Time series forecasting is a critical problem for decision-makers in many fields. In this respect, it is widely studied in many fields such as finance, environment, natural sciences, health, engineering. Especially with the support of computer technology developed in the last few decades, the classical time series forecasting models, also known as probabilistic forecasting models, have been replaced by non-probabilistic models which are fuzzy logic-based and computational-based contemporary models. Among these modern time series forecasting models, fuzzy logic-based fuzzy time series forecasting models have an important place. When fuzzy time series forecasting models presented in the literature in time series forecasting problems are considered as a whole; Some of these studies appear to have been put forward to contribute to the fuzzification phase, some to identify fuzzy relationships, and some to contribute to the de-fuzzification phase and to advance forecasting performance.

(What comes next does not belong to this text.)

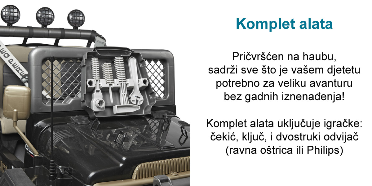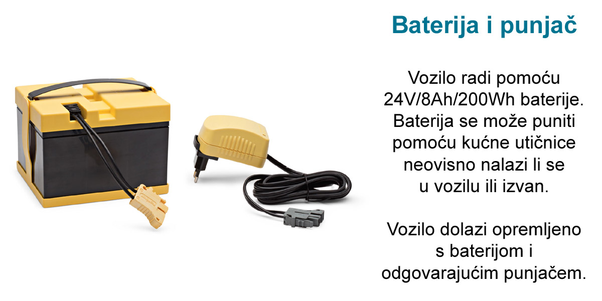 U kompletu: quad na akumulator, baterija od 24V 8Ah i punjač. Maksimalna nosivost: 60 kg

Also, with a different perspective; While some models use a first-order forecasting model, others aim to improve performance with high-order forecasting models. In this thesis, it is aimed to evaluate the results comparatively by forecasting the daily recorded maximum air temperature data of Giresun for the years 2006-2017 with different fuzzy time series forecasting models. In order to include the aforementioned two perspectives in the evaluation, first-order and high-order models using different approaches in the determination of fuzzy relationships have been used. Thus, the effects of both the model-order and the approaches used in determining fuzzy relations on performance were examined.Keywords: Fuzzy time series, maximum air temperature, forecasting, fuzzy relationships, model order

Author

Dr. Yağmur Baş

How to Cite

Yağmur Baş (Master Thesis). Maximum temperature forecasting in Giresun by using fuzzy time series methods, 2020, Giresun University.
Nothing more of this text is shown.